▶ [EXERCISE MATERIAL]
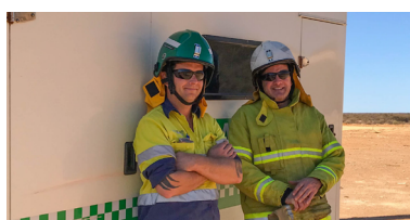
Medical Emergency Services Officer (MESO)
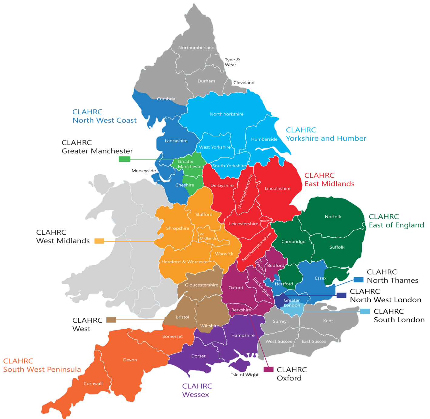
Map produced by NIHR CLAHRC East Midlands*

*Disclaimer - shading is an approximation of a CLAHRC's regional coverage
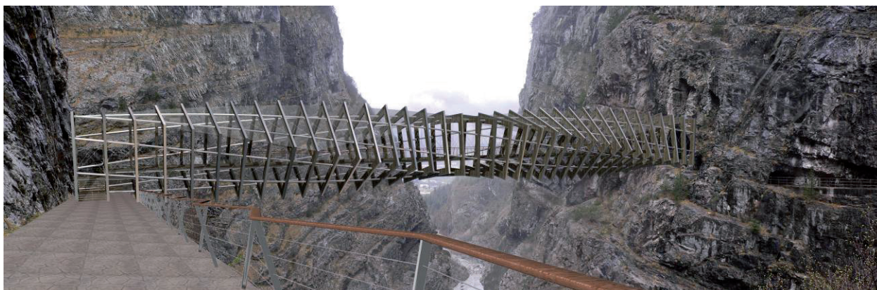
Fig. 2: Proposal for a footbridge above Vajont dam, Erto, Italy

Teaching bridge design is extremely important, both in Engineering and Architecture faculties. Bridges are “naked” structures, where form follows function.
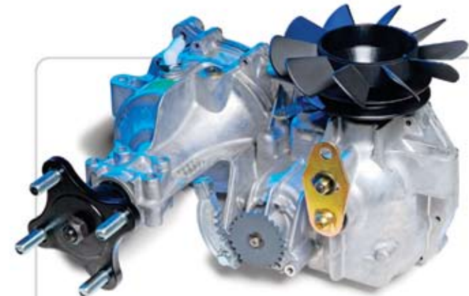
The maintenance-free EZT transmissions are the heart and soul of the Mini FasTrak's SmoothTrak™ steering
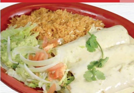
LOBSTER SEAFOOD ENCHILADAS
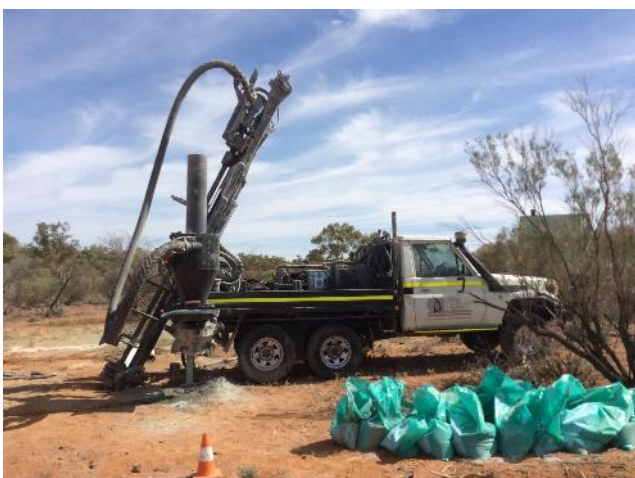
Figure 1 Chief Drilling rig set up at the Platinum Springs area

No evidence of environmental harm, beyond that approved in the exploration activity approvals was observed at the sites visited during the site inspection. A Chief Drilling rig was set up at the Platinum Springs drilling area at the time of the audit (Figure 1). The exploration drilling was observed to be generally undertaken in accordance with the Exploration Code of Practice: Environmental Management as documented in the following sections.
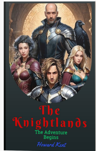
The Knightlands: The Great Commission

These five novels dive into true crime, mythic adventure, and psychological battlefields, revealing the authors' varied inspirations—from courtroom realism to childhood fantasy games. Each story carries a deep engagement with justice, imagination, and the spaces where reality and fiction blur.
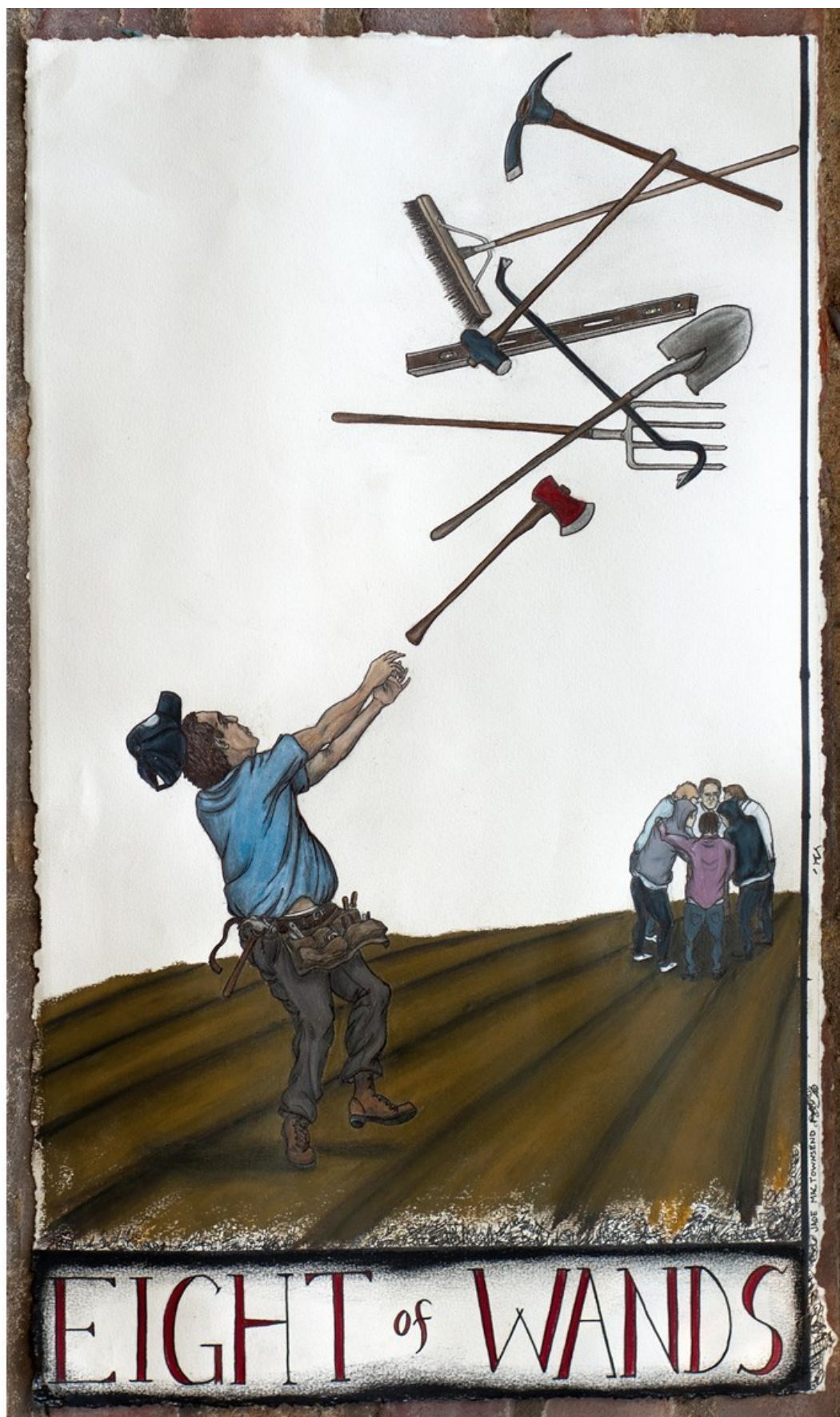
Jade Townsend, Eight of Wands, 2014, Graphite, prisma color, oil and ink on paper 61 x 33 cm , 24 x 13 in
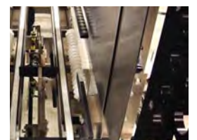
HIGH SPEED ROTARY UPSTACKER WITH SURGE/METERING BELTS
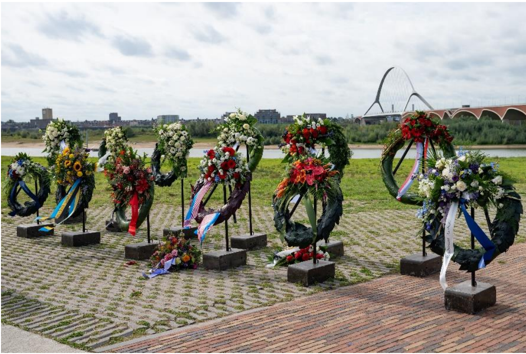
Figure 8: Wreath laying at the commemoration on 20 September.

▶ [TASK INSTRUCTIONS]
Omitting the pictures, write out the material above exactly as it stands.

▶ [RESPONSE TO THE TASK]
Medical Emergency Services Officer (MESO)
Map produced by NIHR CLAHRC East Midlands*

*Disclaimer - shading is an approximation of a CLAHRC's regional coverage
Fig. 2: Proposal for a footbridge above Vajont dam, Erto, Italy

Teaching bridge design is extremely important, both in Engineering and Architecture faculties. Bridges are “naked” structures, where form follows function.
The maintenance-free EZT transmissions are the heart and soul of the Mini FasTrak's SmoothTrak™ steering
LOBSTER SEAFOOD ENCHILADAS
Figure 1 Chief Drilling rig set up at the Platinum Springs area

No evidence of environmental harm, beyond that approved in the exploration activity approvals was observed at the sites visited during the site inspection. A Chief Drilling rig was set up at the Platinum Springs drilling area at the time of the audit (Figure 1). The exploration drilling was observed to be generally undertaken in accordance with the Exploration Code of Practice: Environmental Management as documented in the following sections.
The Knightlands: The Great Commission

These five novels dive into true crime, mythic adventure, and psychological battlefields, revealing the authors' varied inspirations—from courtroom realism to childhood fantasy games. Each story carries a deep engagement with justice, imagination, and the spaces where reality and fiction blur.
Jade Townsend, Eight of Wands, 2014, Graphite, prisma color, oil and ink on paper 61 x 33 cm , 24 x 13 in
HIGH SPEED ROTARY UPSTACKER WITH SURGE/METERING BELTS
Figure 8: Wreath laying at the commemoration on 20 September.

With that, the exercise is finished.